▶ **INPUT DATA**
◆ ◆ ◆

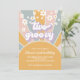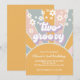 convite de primeiro aniversário inspirado em duas Flores de Sunshine Retro Groovy com margaridas e fontes e cores boho dos anos 70.
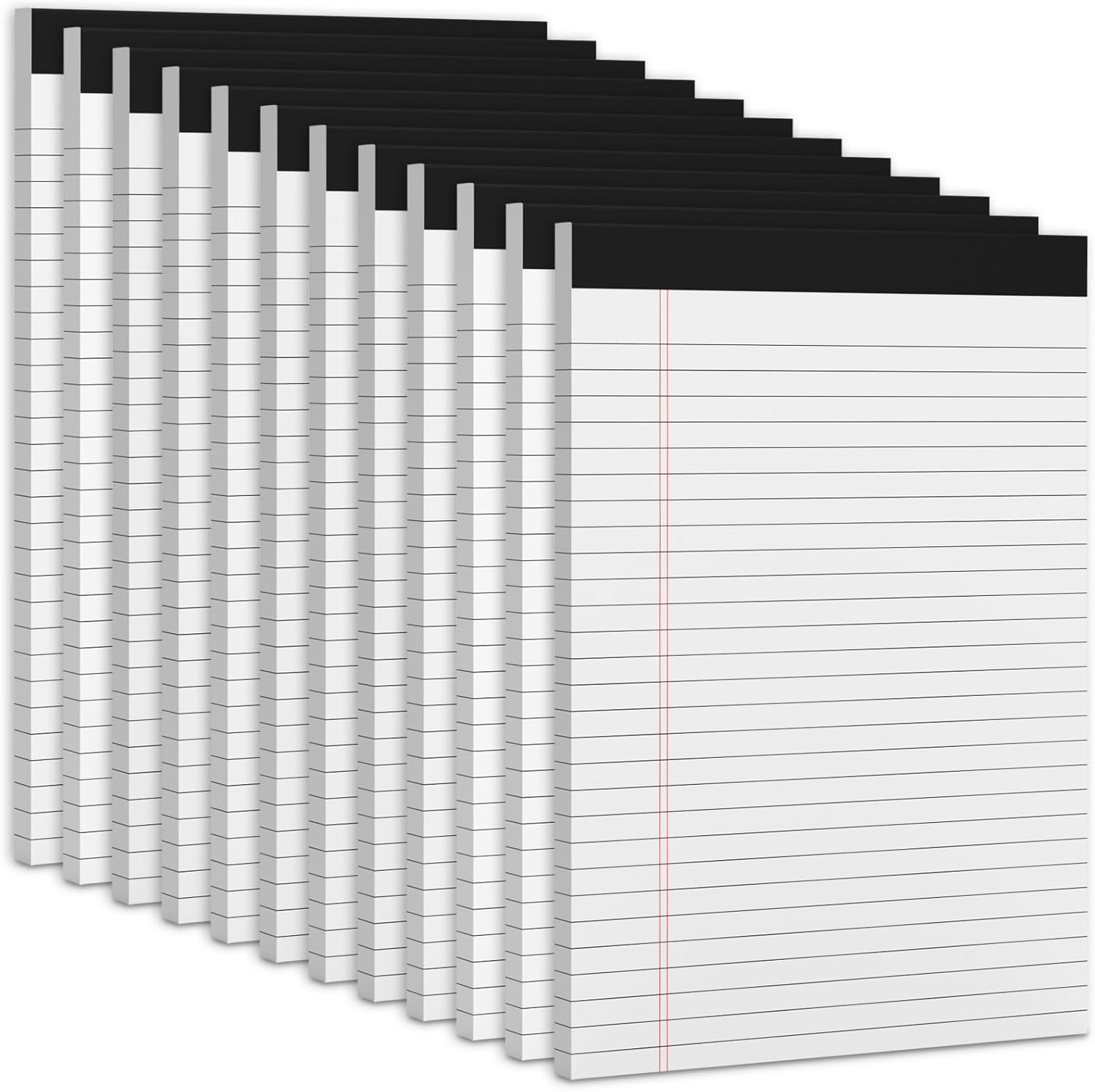 - 【Good Quality Legal Pads】:The white legal pads 8.5 x 11" made of 70g paper material, thicker than average writing pads. Legal notepads 8.5"x 11" letter lined paper pads has black lines and double red margin lines on left, the sturdy cardboard back allows the pen to slide smoothly, enjoy a smooth writing experience in everyday paper use and prevent ink from being left on the back or indented writing on the next sheet of paper. Suitable for a variety of pens.
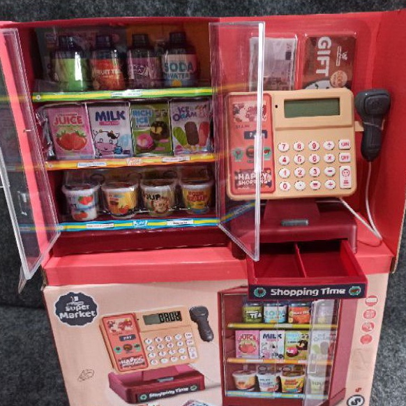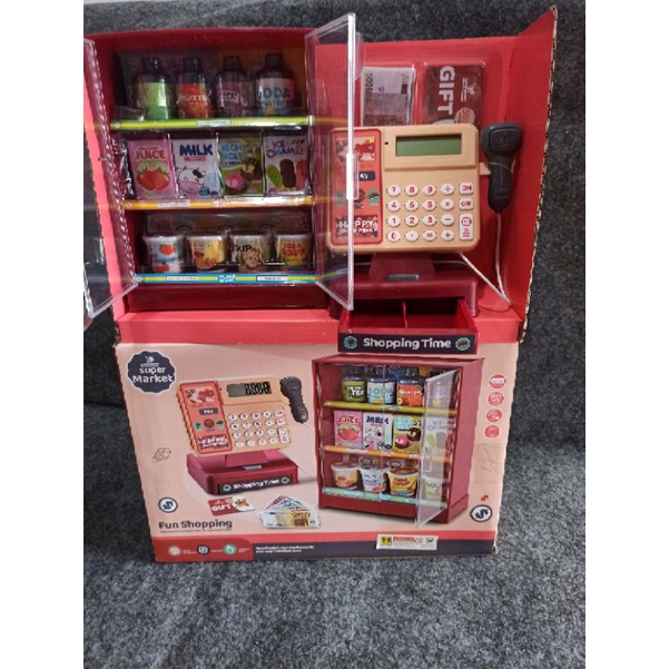 Mainan anak kasir kasiran register happy shopping supermarket with etalase

◆ ◆ ◆

▶ **PROMPT**
Output nothing but the lines from the one containing "- 【Good Quality" to the end of the listing, both ends included, reproduced exactly. Pictures stay out.

▶ **WRITTEN ANSWER**
 - 【Good Quality Legal Pads】:The white legal pads 8.5 x 11" made of 70g paper material, thicker than average writing pads. Legal notepads 8.5"x 11" letter lined paper pads has black lines and double red margin lines on left, the sturdy cardboard back allows the pen to slide smoothly, enjoy a smooth writing experience in everyday paper use and prevent ink from being left on the back or indented writing on the next sheet of paper. Suitable for a variety of pens.
 Mainan anak kasir kasiran register happy shopping supermarket with etalase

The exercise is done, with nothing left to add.